I wanted to complain about how slow the DET website was this morning. Every Sunday morning, I log-in and answer the questions properly. Yes, I looked for work. Yes, I was available for work. No, I did not work. It takes about 10 minutes, and they send you a check for $507 on Monday. The check usually arrives on Tuesday or Wednesday.
So, I can't really get too worked-up just because the pixels aren't movong fast enough. This new system is a far cry from the last time I was on unemployment, in 1991. In those days, you had to schlep down to the office every two weeks to get your measly check in person. Everything about unemployment seemed to be designed to make you stand in lines with all those other losers. I guess the philosophy was to shame anyone with a shred of dignity to make them go out and get a job - any job.
It worked on me. After several months of unsuccessful job hunting, I finally took a job at a Cambridge software company. It was a big pay cut. But I was happy to be working again, but the feeling was short-lived. Within six months my new company Index Technologies was merged/bought out and, without warning, the new company - Intersolv laid me and two thirds of the others off.

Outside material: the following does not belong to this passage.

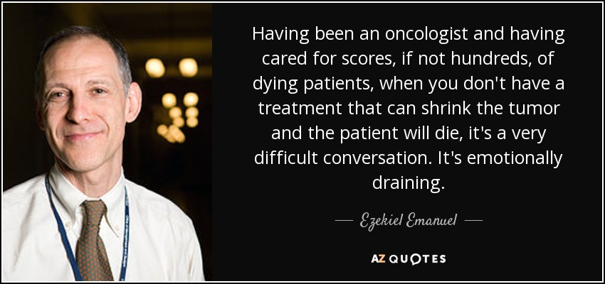 Having been an oncologist and having cared for scores, if not hundreds, of dying patients, when you don't have a treatment that can shrink the tumor and the patient will die, it's a very difficult conversation. It's emotionally draining.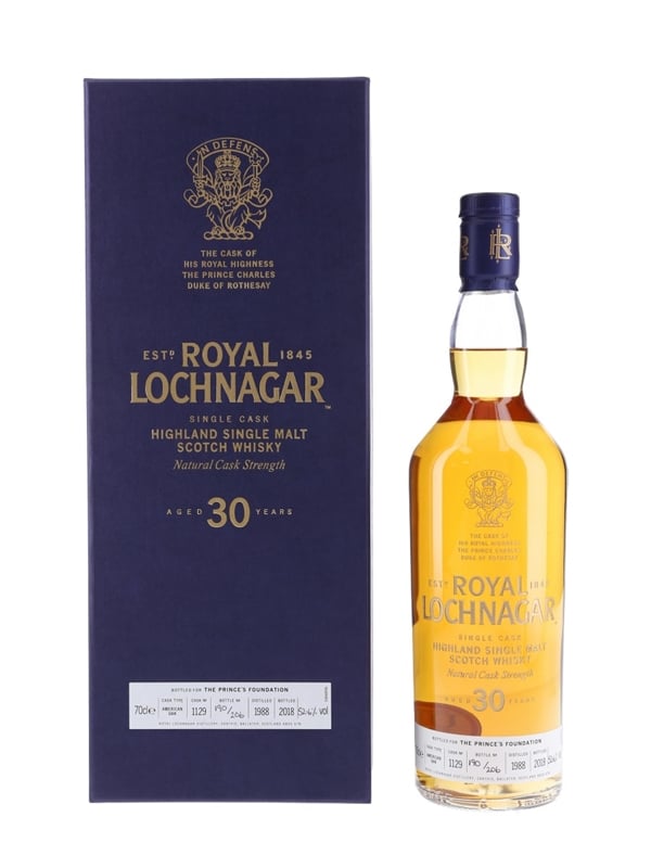 Bottle number 190 of 206 of the Royal Lochnagar 30 Year Old Single Malt Scotch Whisky from the 1988 cask of HRH The Prince Charles, Duke of Rothesay.

Someone I did not know called me into a meeting whereupon I was informed that I would get two months severance, plus outplacement counseling.
The Bozos in charge had everything figured out, except that they weren't aware of the The Workers Adjustment and Retraining Notification act of 1988. (Thank you Ted Kennedy.) This piece of legislation - AKA the "plant closing law" - says that employers who terminate more than one third of the workers at a given location are compelled to give said workers 60 days notice or compensation in lieu of notice on top of earned severance benefit. Thus, I ended up with four months severance after working only six months at the company! (I was also eligible for Unemployment again).
Luckily, I did not have to suffer the indignity of standing in line again. Out of the blue, I got a 6-week contract job as a systems analyst at a corporate division of a global High Tech firm that needed to integrate the customer databases of two smaller companies that had recently been acquired. That gig lasted fifteen months.
With 1 week left on my PO I found an employee situation at another big High Tech company. That job lasted 5 years. Luck happens when you keep your eyes open.